It has been an unusual Lent, a Lent when we have had to abstain from celebrating Lent together. For me, worship, the Holy Mass, the Way of the Cross and, particularly during the Holy Week, Christ’s entry to Jerusalem, His suffering and resurrection have always been of the essence.
Private prayer, reading the Gospel and internal conversion all belong to the Lenten time, but they take place in a larger context, in the community with other faithful, with the whole Mystical Body of Christ. Of course, this is true, also when we are told to pray on our own, even then we are never alone because we are connected to our Saviour and to His Mystical Body, the Church. Still, I miss the community during Mass in the crowded St. Paul church when hundreds of the faithful cheer when the Lord enters Jerusalem, or kneel adoring the Crucified Saviour on Good Friday, or when they rejoice in Alleluia at Easter.

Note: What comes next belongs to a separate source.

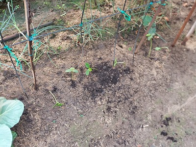 空芯菜 2か所へ分散して8本 キューリ 6本

I have received similar reactions from many parishioners; they also miss the Church and our own parish. And this is good, it is good that we miss our parish. Because even though it may be fine to watch Mass with the Pope from St. Peter’s Basilica, it is something else, something special with our own parish, our own church where we come every day to serve God who came not to beserved, but toserve.
I know that you too miss the Church and the parish also due to your response, your telephones, your e-mails, and also all the contributions you have made to the parish bank account after my call about collection. Many contributions, big, medium and small, have been registered. All of them help the parish to keep going. Our employees are working even though the church is not open. Catechesis is conducted via the internet, registrations and paperwork are being done, alter linen and garments have been washed, the church is cleaned so that it is not dusty when we open again, Holy Masses are recorded and uploaded on our website or streamed direct.
I want to thank you all for you financial contributions, and to all of you who pray for us, both priests and employees and for the whole parish. You should also know that we pray also for you and long for the day when we can again get together in our church of St. Paul’s and at Marias Minde.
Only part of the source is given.